By revenue growth (latest reported year), F&G Annuities & Life, Inc.
(FGN) is pulling ahead at 26. 6% versus -14. 0% for Prudential Financial, Inc. (PRU). On earnings-per-share growth, the picture is similar: F&G Annuities & Life, Inc. grew EPS 1111% year-over-year, compared to -68. 3% for Lincoln National Corporation. Over a 3-year CAGR, FGN leads at 13. 1% annualised revenue growth. Higher growth typically commands a higher valuation multiple — check whether the premium P/E or P/S is justified by the growth rate using the PEG ratio.
06Which has better profit margins — FGN or LNC or PRU or GL or MET?
Globe Life Inc.
(GL) is the more profitable company, earning 19. 4% net margin versus 4. 4% for MetLife, Inc. — meaning it keeps 19. 4% of every revenue dollar as bottom-line profit. Operating margin tells a similar story: GL leads at 24. 4% versus 6. 0% for MET. At the gross margin level — before operating expenses — FGN leads at 100. 0%, reflecting greater pricing power or product mix advantage. Stronger margins indicate durable pricing power, lower cost of revenue, or higher mix of software/services. They are one of the clearest signs of business quality.

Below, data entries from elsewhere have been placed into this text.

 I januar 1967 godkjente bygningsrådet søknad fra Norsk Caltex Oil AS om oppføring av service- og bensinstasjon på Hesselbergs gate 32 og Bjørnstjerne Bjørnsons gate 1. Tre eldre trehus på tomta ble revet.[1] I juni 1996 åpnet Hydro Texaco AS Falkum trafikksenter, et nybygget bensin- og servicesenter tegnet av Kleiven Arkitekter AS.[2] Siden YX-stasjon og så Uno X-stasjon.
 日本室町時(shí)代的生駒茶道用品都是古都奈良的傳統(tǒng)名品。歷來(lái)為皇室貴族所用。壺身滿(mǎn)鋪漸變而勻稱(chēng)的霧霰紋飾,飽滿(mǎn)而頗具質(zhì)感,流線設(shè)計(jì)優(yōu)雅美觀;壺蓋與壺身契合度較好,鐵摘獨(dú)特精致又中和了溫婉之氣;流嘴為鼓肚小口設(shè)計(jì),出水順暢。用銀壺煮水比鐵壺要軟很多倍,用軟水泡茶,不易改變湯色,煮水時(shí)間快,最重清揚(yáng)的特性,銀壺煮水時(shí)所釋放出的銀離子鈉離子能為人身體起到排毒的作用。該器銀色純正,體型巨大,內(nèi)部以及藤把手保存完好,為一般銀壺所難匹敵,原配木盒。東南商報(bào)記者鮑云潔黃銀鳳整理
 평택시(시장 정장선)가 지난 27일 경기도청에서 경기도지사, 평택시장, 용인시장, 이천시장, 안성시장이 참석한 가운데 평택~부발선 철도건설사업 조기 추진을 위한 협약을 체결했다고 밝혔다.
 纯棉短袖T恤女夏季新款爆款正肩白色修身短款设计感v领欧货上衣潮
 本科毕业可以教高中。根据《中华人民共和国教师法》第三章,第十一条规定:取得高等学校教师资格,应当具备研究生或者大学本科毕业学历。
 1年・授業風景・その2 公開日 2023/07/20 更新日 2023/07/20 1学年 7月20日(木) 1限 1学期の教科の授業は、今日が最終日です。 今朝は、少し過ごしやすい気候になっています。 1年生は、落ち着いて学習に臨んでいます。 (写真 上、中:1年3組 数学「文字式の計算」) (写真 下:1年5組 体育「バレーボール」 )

07Is FGN or LNC or PRU or GL or MET more undervalued right now?
The PEG ratio (forward P/E divided by expected earnings growth rate) is the most precise measure of undervaluation relative to growth potential.

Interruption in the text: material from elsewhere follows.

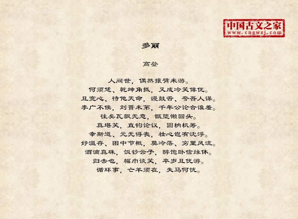 人间世,偶然攘臂来游。何须恁、乾坤角抵,又成冷笑俳优。且宽心、待他天命,谩鼓舌、夸吾人谋。李广不侯,刘蕡未第,千年公论合谁羞。往矣瓦飘无意,甑堕懒回头。真堪笑,直钩论议,圆枘机筹。幸斯道、元无得丧,壮心岂有沈浮。好温存、困中节概,莫冷落、穷里风流。酒滴真珠,饭钞云子,醉饱卧信缘休。归去也,幅巾谈笑,卒岁且优游。循环事,亡羊须在,失马何忧。

By this metric, Lincoln National Corporation (LNC) is the more undervalued stock at a PEG of 0. 14x versus Globe Life Inc. 's 0. 63x. A PEG below 1. 0 is traditionally considered the threshold for growth-adjusted undervaluation. On forward earnings alone, F&G Annuities & Life, Inc. (FGN) trades at 4. 5x forward P/E versus 9. 8x for Globe Life Inc. — 5. 3x cheaper on a one-year earnings basis. Analyst consensus price targets imply the most upside for MET: 22. 4% to $96. 50.
08Which pays a better dividend — FGN or LNC or PRU or GL or MET?
All stocks in this comparison pay dividends.
Prudential Financial, Inc. (PRU) offers the highest yield at 5. 5%, versus 0. 7% for Globe Life Inc. (GL).
09Is FGN or LNC or PRU or GL or MET better for a retirement portfolio?
For long-horizon retirement investors, Globe Life Inc.
(GL) is the stronger choice — it scores higher on the combination of lower volatility, dividend reliability, and long-term compounding (low volatility (β 0. 48), 0. 7% yield, +175. 7% 10Y return). Both have compounded well over 10 years (GL: +175. 7%, LNC: +24. 5%), confirming both are viable long-term holds — but the lower-volatility option typically results in less emotional selling during corrections. Retirement portfolios generally favour predictability over maximum returns. Consult a financial advisor before making allocation decisions.
10What are the main differences between FGN and LNC and PRU and GL and MET?
Both stocks operate in the Financial Services sector, making this a peer-level intra-sector comparison — the same macro tailwinds and headwinds will affect both.
In terms of investment character: FGN is a small-cap high-growth stock; LNC is a small-cap deep-value stock; PRU is a mid-cap deep-value stock; GL is a mid-cap deep-value stock; MET is a mid-cap deep-value stock. These fundamental differences mean investors should not choose between them on a single metric — the "better stock" depends entirely on which of these characteristics aligns with your investment strategy.